Vigie-Plume regroupe plusieurs programmes standardisés de suivis des populations d’oiseaux, via le marquage (STOC-Capture) ou l’écoute active (STOC-EPS, SHOC…). Parmi ces programmes, j’ai choisi de me focaliser sur les données du Suivi Temporel des Oiseaux Communs par Echantillonnages Ponctuels Simples (STOC-EPS), en raison de sa couverture spatiale, du nombre de points (n > 1500) et d’espèces échantillonnés (n>200). Développé pour évaluer les tendances temporelles des effectifs des espèces communes nicheuses à l’échelle nationale, le programme est basé un plan d’échantillonnage aléatoire

de manière à ce que les données collectées soient représentatives de l’ensemble du territoire (et donc des principaux milieux), tout comme les protocoles Vigie-Chiro.

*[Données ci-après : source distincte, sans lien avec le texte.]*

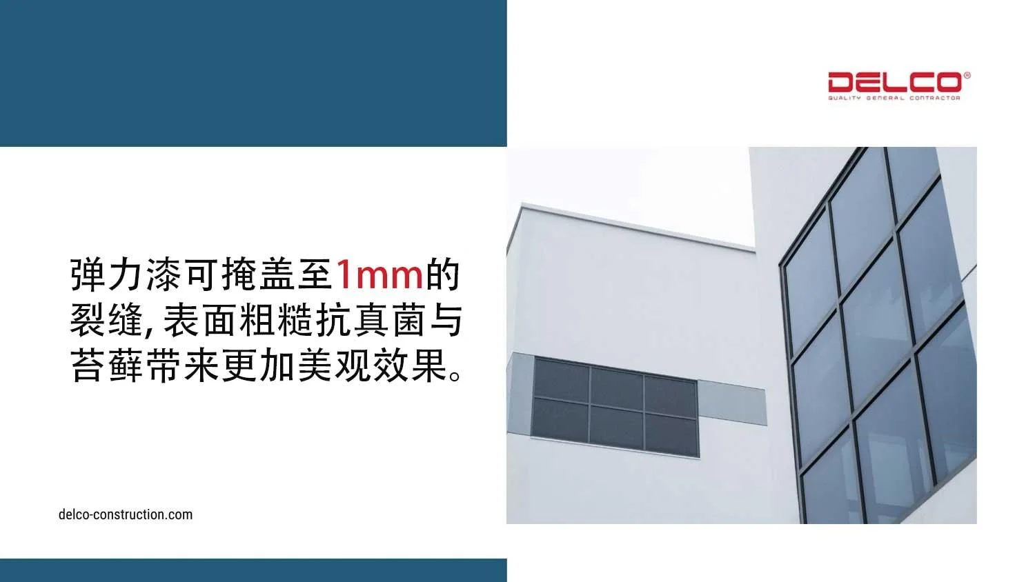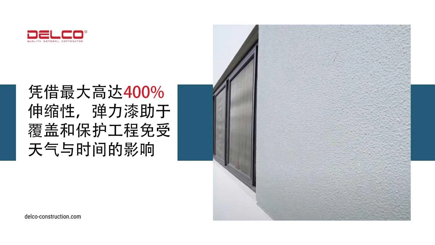 除了覆盖能力强, 弹力漆还有其他优点有助于保护工程免受天气的影响, 满足建造工程的美观性与牢固性。
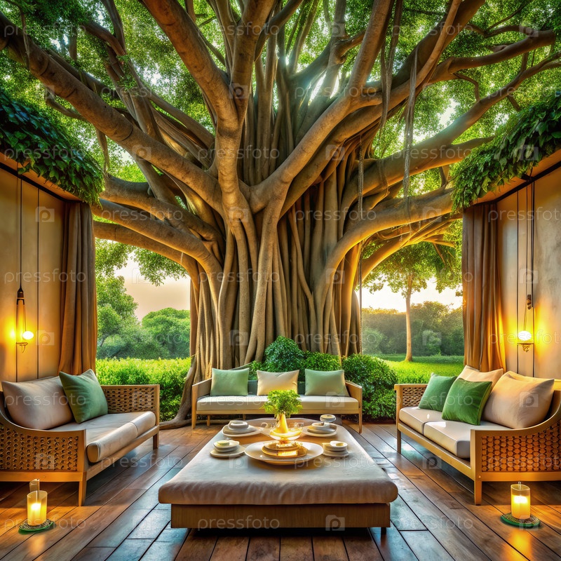 Расслабляющий вечер под баняном в тропическом саду
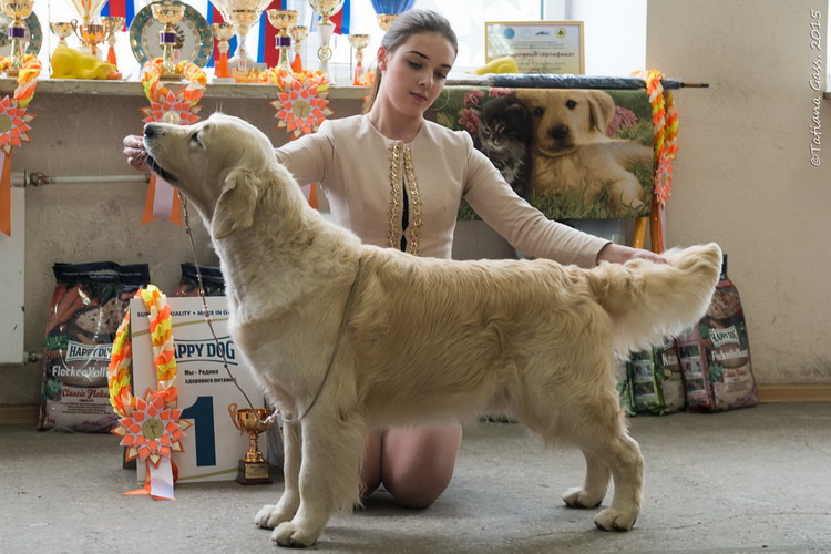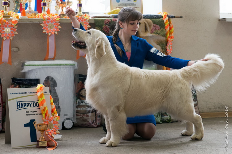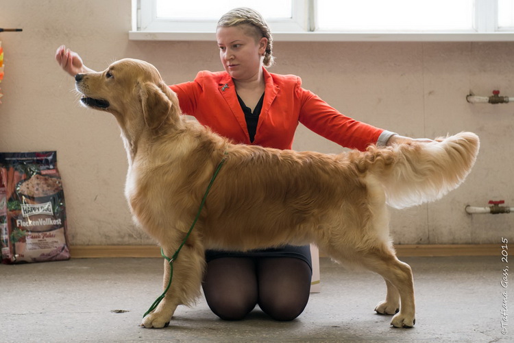 18 апреля 2015 г., Москва, золотистые ретриверы: взрослые кобели, эксп. Borge Espeland (Норвегия)
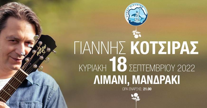 Την Κυριακή 18 Σεπτεμβρίου και ώρα 21:00, στο λιμάνι του Μανδρακίου, κλείνοντας τη θερινή περίοδο για το 2022, θα έχουμε τη χαρά να απολαύσουμε το δημοφιλή τραγουδιστή Γιάννη Κότσιρα. Ο ερωτικός ερμηνευτής της νεότερης γενιάς, με την εκφραστική του φωνή θα μας παρουσιάσει παλιά και καινούρια τραγούδια, που έχουμε όλοι σιγοτραγουδήσει, εμπνευσμένες διασκευές και επιλογές σε λαϊκά τραγούδια.

L’observateur bénévole se voit ici attribuer aléatoirement un carré de 2x2km proche d’un lieu de son choix, ainsi qu’un carré de remplacement. Dans ce carré, 10 points de comptage sont répartis de manière homogène proportionnellement aux habitats présents. Chaque point fait l’objet de 2 relevés de 5 minutes exactement, chaque printemps en période de nidification, à 4 semaines d’intervalle autour de la date du 8 mai (pour faire face au réchauffement climatique, des relevés précoces, entre le 1er et le 31 mars peuvent être effectués, mais en respectant 4 semaines avant le second passage d’avril). Durant ces sessions de 5min, tous les oiseaux entendus et vus, posés ou en vol, sont comptabilisés et notés dans un rayon de 200m, et un relevé d’habitat est réalisé. Les relevés doivent être effectués entre 1 et 4h après le lever du soleil, selon la contrainte de conditions météorologiques favorables. De manière similaire au protocole Vigie-Chiro, les relevés doivent être effectués tous les ans, au même endroit, par le même observateur et, dans la mesure du possible, aux mêmes dates, heures et ordre des points. Ensuite, le nombre maximal d’espèce entre les 2 comptages par point d’écoute est sélectionné, et la somme des comptages par espèce de ces 10 points d’écoute est effectuée pour obtenir l’abondance relative des espèces au sein du carré.